### WHAT NEEDS TO BE DONE:
The reply should contain the full listing exactly as written and no pictures at all.

### DATA SHOWN:
========================================
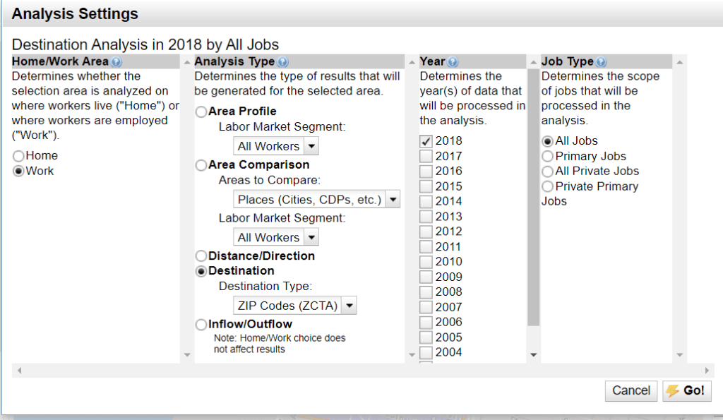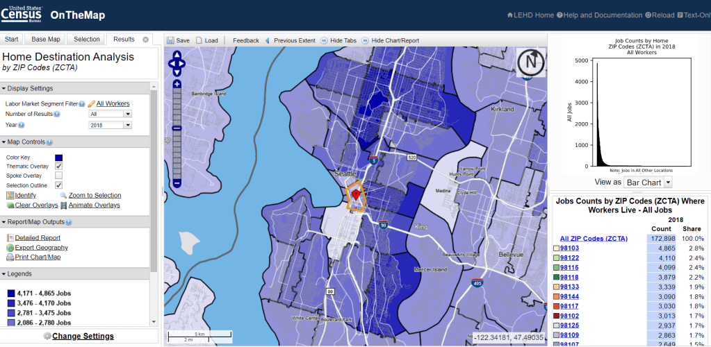 Note that In this case I had the tool organize workers’ home locations by ZIP code, but you can choose by census tract or larger areas as well, depending on how granular you want to get. You can also export an Excel file of the data, allowing for endless additional analyses.
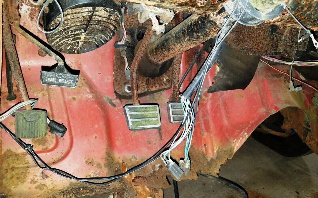 Our best view of the interior comes from this image. The small brake pedal and companion clutch make up the only good news here, as this body seems to have rusted from the ground up with no signs of stopping. It goes without saying that the best buyer either has a donor car already or plans to find one.
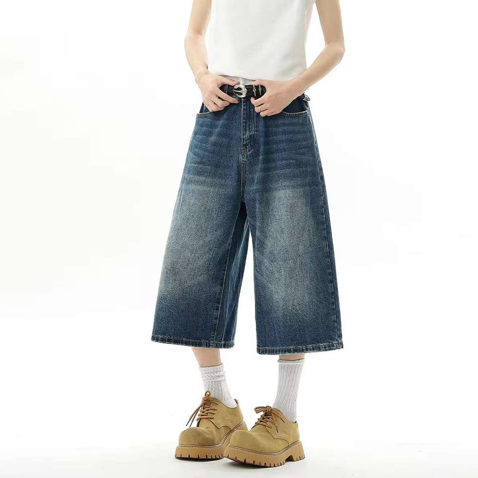 กางเกงยีนส์ขาสั้นแบบมีซิปสำหรับผู้ชายกางเกงขาสั้นผ้ายีนส์ลายลิงสกปรกซักได้ตามต้องการ
========================================
### EXERCISE RESULT:
 Note that In this case I had the tool organize workers’ home locations by ZIP code, but you can choose by census tract or larger areas as well, depending on how granular you want to get. You can also export an Excel file of the data, allowing for endless additional analyses.
 Our best view of the interior comes from this image. The small brake pedal and companion clutch make up the only good news here, as this body seems to have rusted from the ground up with no signs of stopping. It goes without saying that the best buyer either has a donor car already or plans to find one.
 กางเกงยีนส์ขาสั้นแบบมีซิปสำหรับผู้ชายกางเกงขาสั้นผ้ายีนส์ลายลิงสกปรกซักได้ตามต้องการ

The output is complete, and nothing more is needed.